(Provided material):
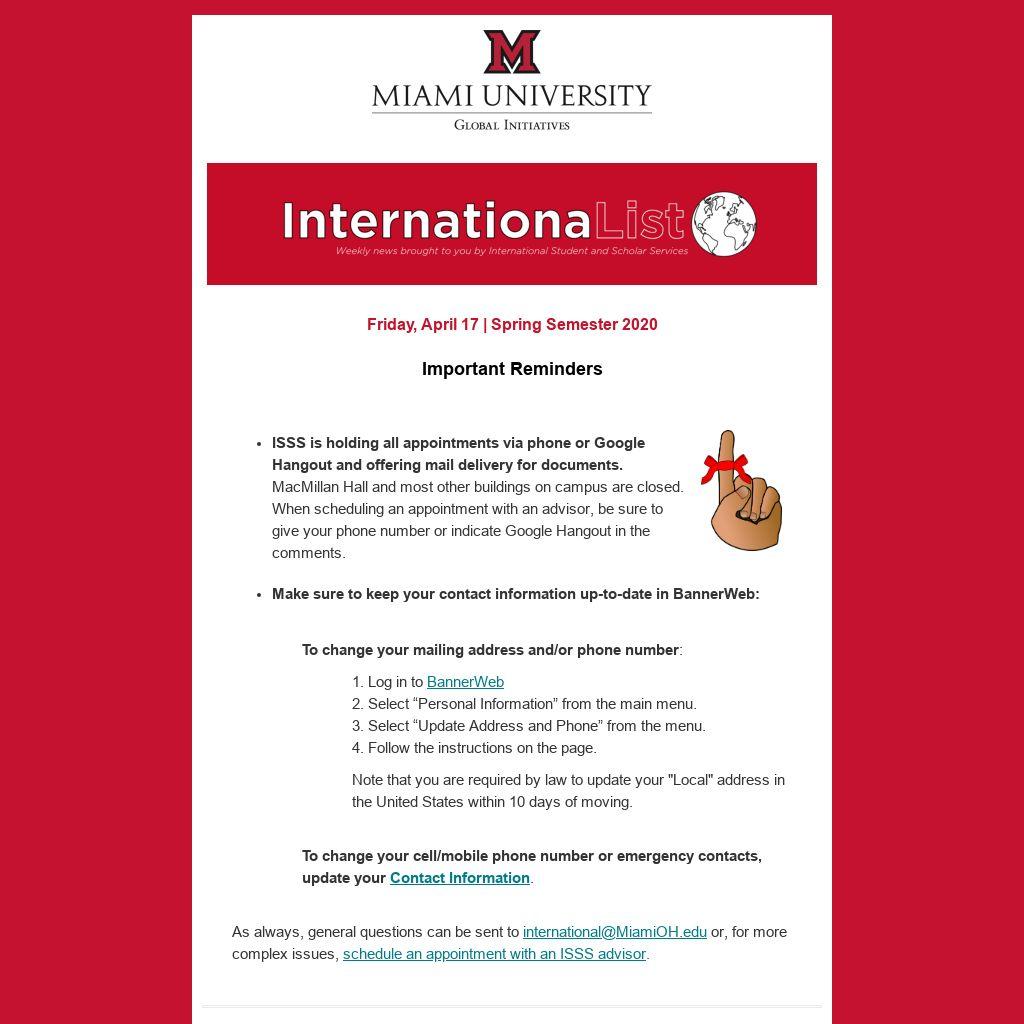 Are you looking to distribute information about your event, program, group, etc. to international students and scholars at Miami? Submit an ISSS communications request.
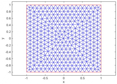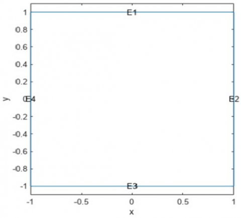 On a square domain, find the solution. This geometry is described by the square g function. Make a model object with geometry included. View the edge labels when creating the geometry (Figure 1).
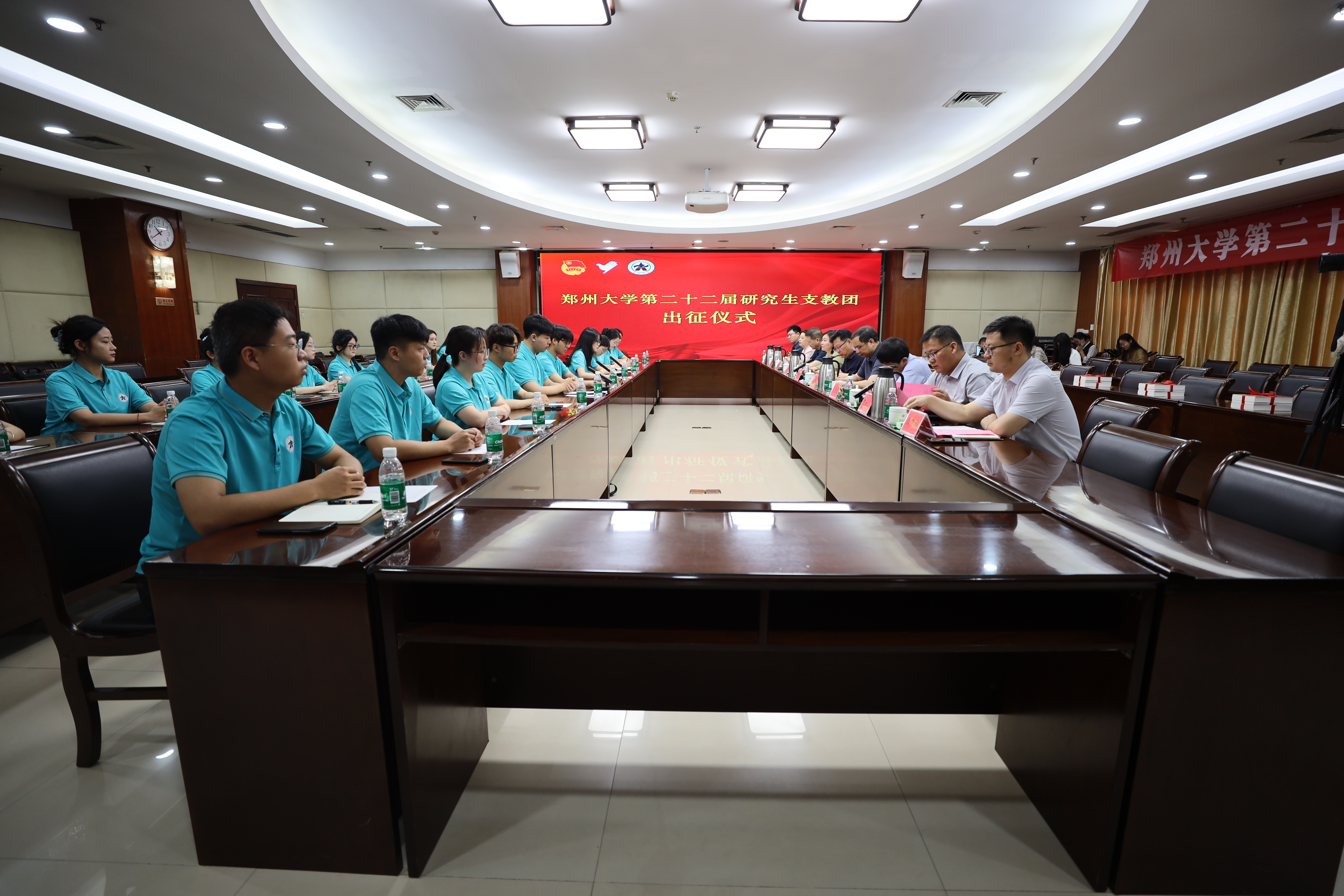王利国讲话。他代表学校党委和行政对即将出征赴西部支教的志愿者们表示感谢,对他们勇担青年使命、积极投身志愿的行动给予高度评价。他深情回顾了自己在河南省卢氏县开展脱贫攻坚的工作经历,并对研究生支教团同学提出五点希望:一是志存高远,脚踏实地。要牢记习近平总书记对青年学子的殷殷嘱托、切切期望,树立远大理想,勇担青年使命,脚踏实地干工作,持之以恒做奉献,把青春华章谱写在祖国大地上。二是担当奉献,实学实干。要弘扬“奉献、友爱、互助、进步”的志愿精神,勇敢实践、担当奉献,读好无字之书,在接地气中增底气,躬身入局,做干事创业的行动派。三是砥砺品格,磨练意志。要发扬艰苦奋斗精神,把困难当成人生的教科书、把困难当成励志的磨刀石、把困难当成前进的发动机,不畏艰险、迎难而上,在战胜困难中把握发展脉搏,在不懈努力中回应时代呼唤,在基层摔打中成长成熟成才。四是团结一心,合作进取。要增强团队意识,树立团队精神,互相关心、互相爱护、互相帮助,凝聚集体智慧、汇聚团队力量,在追求卓越中擦亮ac米兰官网中文网站支教品牌,在团结进取中树立郑大学子良好形象。五是保持健康,注意安全。要加强体育锻炼,强化人身安全意识,保持积极乐观的心态,确保身心健康,做到顺利出发,平安归来。

(Task to complete):
Nothing but an exact copy of the data, without its images, should make up your answer.

(Answer to this exercise):
 Are you looking to distribute information about your event, program, group, etc. to international students and scholars at Miami? Submit an ISSS communications request.
 On a square domain, find the solution. This geometry is described by the square g function. Make a model object with geometry included. View the edge labels when creating the geometry (Figure 1).
王利国讲话。他代表学校党委和行政对即将出征赴西部支教的志愿者们表示感谢,对他们勇担青年使命、积极投身志愿的行动给予高度评价。他深情回顾了自己在河南省卢氏县开展脱贫攻坚的工作经历,并对研究生支教团同学提出五点希望:一是志存高远,脚踏实地。要牢记习近平总书记对青年学子的殷殷嘱托、切切期望,树立远大理想,勇担青年使命,脚踏实地干工作,持之以恒做奉献,把青春华章谱写在祖国大地上。二是担当奉献,实学实干。要弘扬“奉献、友爱、互助、进步”的志愿精神,勇敢实践、担当奉献,读好无字之书,在接地气中增底气,躬身入局,做干事创业的行动派。三是砥砺品格,磨练意志。要发扬艰苦奋斗精神,把困难当成人生的教科书、把困难当成励志的磨刀石、把困难当成前进的发动机,不畏艰险、迎难而上,在战胜困难中把握发展脉搏,在不懈努力中回应时代呼唤,在基层摔打中成长成熟成才。四是团结一心,合作进取。要增强团队意识,树立团队精神,互相关心、互相爱护、互相帮助,凝聚集体智慧、汇聚团队力量,在追求卓越中擦亮ac米兰官网中文网站支教品牌,在团结进取中树立郑大学子良好形象。五是保持健康,注意安全。要加强体育锻炼,强化人身安全意识,保持积极乐观的心态,确保身心健康,做到顺利出发,平安归来。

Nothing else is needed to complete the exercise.